A yahrzeit candle is a little candle that Jews burn not just on those special holidays but, more importantly, on the anniversary (yahrzeit is Yiddish for “anniversary”) of the death of a loved one, a tradition that likely goes back two thousand years. You get yahrzeit candles in the Jewish section of your grocery store or pharmacy; little glasses with a candle inside, which burns for about 30 hours usually. I love lighting them for my dad; he always burned his, for holidays and his parents, on the stove, so that’s where I burn mine: “Hi daddy,” I say when ducking into the kitchen for a drink or snack on the evening of the anniversary of his death. It’s a conscious, peaceful, even loving acknowledgment of death.
Which is a big part of Ecclesiastes, of course. “All go to one place;” Qoheleth tells us (3:20) “all are of the dust, and all return to dust.” Or, “It is better to go to the house of mourning, than to go to the house of feasting, for that is the end of all men” (7:2). And of course, “there is no work, nor device, nor knowledge, nor wisdom, in the grave, whither thou goest” (9:10). Qoheleth likes to remind us we’re going to die. He thinks we should keep that in mind. He likes to remind us that after a little while nobody will remember us, but let’s talk about that another time. For now let’s stick just with death.
He’s not wrong. Death is part of what makes the High Holidays so profound.
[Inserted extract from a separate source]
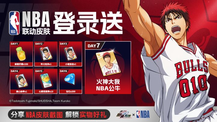 《黑子的篮球:街头对决》x NBA联动火热进行中!连续登录7天,即可免费领取【火神大我-NBA公牛】皮肤,热血馈赠,等你来拿!还未开始的社员们现在登录,依然来得及追上进度,领取联动皮肤哦~🏀 晒皮肤,赢好礼!【活动时间】活动时间:即日起 - 2025年7月27日 23:59结果公布:活动结束7个工作日内【参与方式】在评论区晒出火神大我-NBA公牛皮肤获取截图即为参与成功!【活动奖
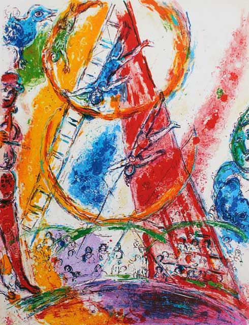 Artist: Marc Chagall - Title: Circus III - Medium: Fine Art Giclee on Paper - Signature: Facsimile Signed - Limited Edition: 375 - Image Size: Approximately 18.75 inches x 14.5 inches - Paper Size: Approximately 23 « inches x 17.25 inches - Framed: Unframed - Biography: One of the greatest names in the history of art is Marc Chagall. Born in old Czarist Russia in 1887, he lived to the ripe old age of 98. His passing came in his adopted home in Paris. Chagall's story begins with the Primitivist Movement of the turn of the century. He moved to Paris in 1910, where he studied the masters Cezanne, Van Gogh and Paul Gauguin. Drawn to the excitement of the Russian Revolution, he returned to Russia in 1914 and founded the Constructionist School in 1917. - After two years of intense controversy and artistic conflict, Chagall returned to a dreamy fairy tale art form that is the modern forerunner of Traditional Surrealism. His grandest showing is at the Hermitage in St. Petersburg, Russia, the largest art museum on earth. He is displayed at the most important museums without exception. His original oils bring millions of dollars art auction. His signed and numbered graphics command tens of thousands. -

Qoheleth would like us to keep death in mind every second, but truly none of us are up to that challenge.
So it’s nice if once a year we take it to heart, burn that little candle, wonder whether we’re going to make it another year. In fact, that’s a central part of Unetanneh Tokef prayer. Not just who shall live and who shall die but how: “Who shall perish by fire and who by water; who by sword and who by beast; … who by earthquake and who by plague.” You don’t get to just airily say, “yeah, might die.” You have to think of how that might happen, and when, what it might be like. It has to be real.
Leonard Cohen wrote a lovely song about that prayer: “Who by Fire.”
And the prayer finishes with a section that reads like it could have come directly from Ecclesiastes: “Our origin is dust, and dust is our end,” the prayer says. “Each of us is a shattered urn, grass that must wither, a flower that will fade, a shadow moving on, a cloud passing by, a particle of dust floating on the wind, a dream soon forgotten.” These words echo Ecclesiastes almost word for word.
We are little flashes of awareness, little lives alive for tiny moments. We could die at any second — sometimes we do (more on that next post). Whatever we have going on, it is truly as a tiny, flickering flame in a place of enormous darkness.
We are dust on the wind, a cloud passing by, a blade of grass sure to die. Our lives are brief and pointless. But here they are, and here we are. We have these brief nows to manage, or anyhow to live through, to experience.
So burn a little candle. Acknowledge the closeness of that guy in the hooded cowl carrying the scythe; he’s not so scary, he’s just the guaranteed end of all this foofaraw. Keep it in mind. Burn a yahrzeit. It’s wonderfully helpful for concentration on what’s important to you.
And if nothing else, isn’t a little flame pretty? We all have to die. While we’re here we can kindle a little light in the darkness.